Livre : « Retour à Brixton Beach» de Roma Tearne

Livre : Retour à Brixton Beach de Roma TearneUne saga à l’écriture fluide et colorée qui nous emmène du Sri Lanka à Londres à travers l’histoire d’une famille déchirée par la guerre civile et qui nous permet de découvrir l’histoire d’un pays méconnu.

Les premières  phrases : « Des policiers partout. De loin, c’est la première chose qu’il voit . Avant même d’entendre le bruit des sirènes, les hurlements. Avant même que l’équipe de la BBC n’apparaisse sur les lieux. Dans un va-et-vient austère, des vestes vert anis règlent la circulation, délimitent un périmètre au ruban bleu et blanc, canalisent les passants pour les éloigner. Voilà ce qu’il voit.. »

Le Résumé de l’éditeur (Quatrième de couverture) : Ceylan, 1973. Alice, 9 ans, aime par-dessus tout être à Sea House, la maison de ses grands-parents, au bord de l’Océan, et marcher sur le sable blanc de Brixton Beach avec Bee, son grand-père. Et puis la guerre civile a éclaté, opposant les Tamouls aux Cinghalais. Les parents d’Alice, Stanley, Tamoul, et Sita, Cinghalaise, ont décidé qu’il était temps pour eux de quitter le paradis marin de la fillette et de se réfugier en Grande-Bretagne, loin de Bee, loin de Sea House. Dans un paysage froid et hostile, Alice tente de se reconstruire et fait de l’art le support de ses passions et l’horizon de son bonheur. Jusqu’à ce matin de juillet 2005, où la violence croise à nouveau son chemin… L’Auteur : Roma Tearne a fui le Sri Lanka avec sa famille à l’âge de dix ans pour s’installer en Grande-Bretagne. Après des études d’art à Oxford, elle est devenue une artiste reconnue. Elle dirige un cycle d’ateliers d’écriture à Oxford.

 Mon avis : C’est une saga pleine de couleurs, de sons et d’odeurs qui nous fait voyager dans un pays déchiré par une guerre civile qui ne dit pas son nom mais où persistent par endroits humanité, douceur et  tendresse.

On suit sans pathos l’histoire d’Alice exilée à 9 ans dans un Londres gris et hostile, celle de sa mère Sita tentant vainement de faire le deuil d’un enfant mort né faute de soins parce que cinghalaise, elle était mariée à un tamoul, et qui n’aura connu l’amour de sa vie que quelques jours.

Une grande partie du roman se passe au Sri Lanka –Ceylan à l’époque- chez les grands parents maternels d’Alice et le grand-père d’Alice, artiste, est le deuxième héros de cette histoire à travers son refus de la stigmatisation d’une partie de la population, sa tolérance, son ouverture d’esprit, sa générosité envers les opprimés et son amour pour sa petite fille qui le lui rend bien et à qui il transmettra sa passion de la peinture.
Quant aux chapitres londoniens, ils illustrent parfaitement les difficultés liées à l’immigration, le long chemin à parcourir pour se recréer une vie dans un pays où tout est différent.

On saute dans cette histoire à pieds joints, on a du mal à en ressortir et elle vous suit longtemps.
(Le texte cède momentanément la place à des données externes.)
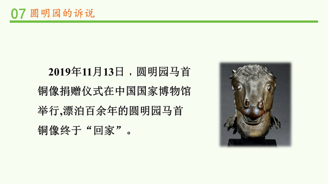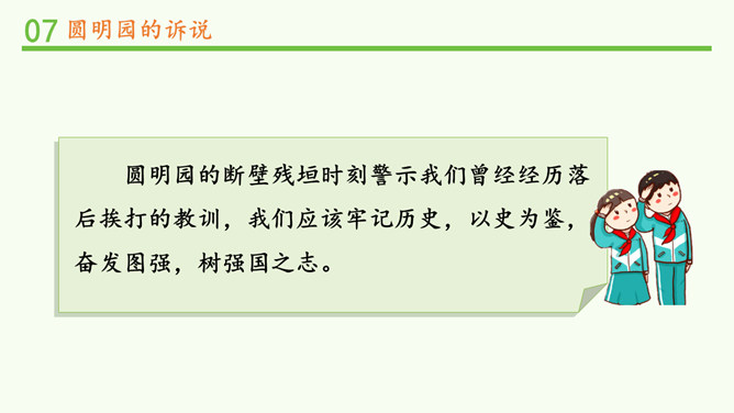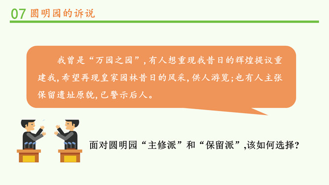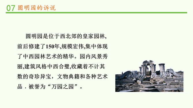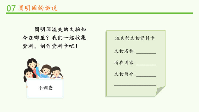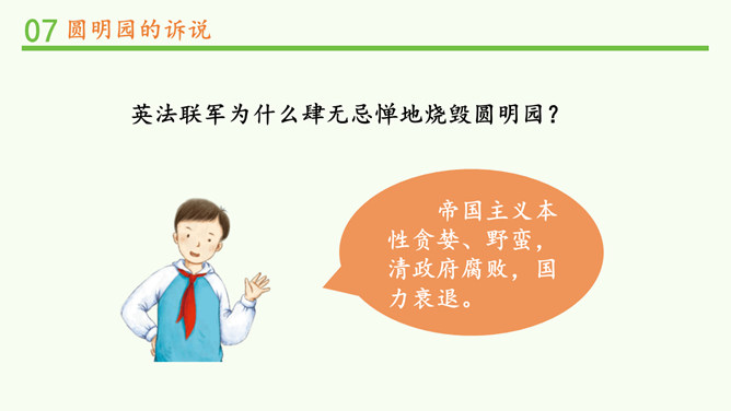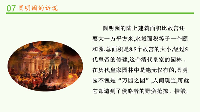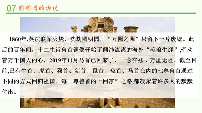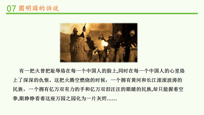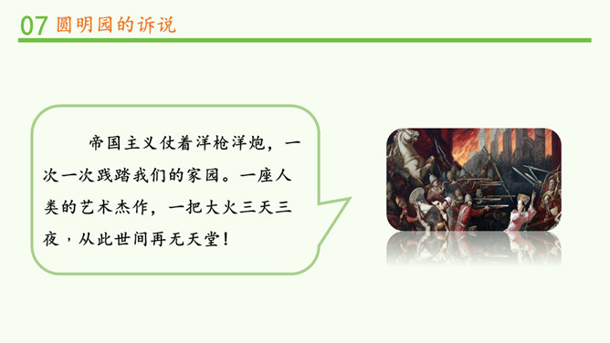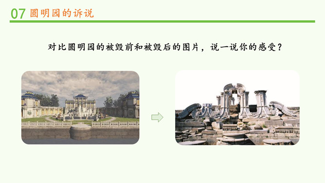 对比圆明园的被毁前和被毁后的图片,说一说你的感受?英法联军为什么肆无忌惮地烧毁圆明园?帝国主义本性贪婪、野蛮,清政府腐败,国力衰退。圆明园流失的文物如今在哪里?我们一起收集资料,制作资料卡吧!帝国主义仗着洋枪洋炮,一次一次践踏我们的家园。一座人类的艺术杰作,一把大火三天三夜,从此世间再无天堂!我曾是“万园之园”,有人想重现我昔日的辉煌提议重建我,希望再现皇家园林昔日的风采,供人游览;也有人主张保留遗址原貌,已警示后人。面对圆明园“主修派”和“保留派”,该如何选择?所属专题:不甘屈辱奋勇抗争ppt。

Pourtant c’est noir, très noir même mais en même temps la couleur et la lumière sont partout : Rosa Tearne est peintre et sa façon de décrire les nuances de bleu et de vert est saisissante de réalité .

Infos pratiques : Paru chez Albin Michel en 2011 (506 pages – 23,3€) puis en Livre de Poche en 2013 (624 pages – 8,10 €).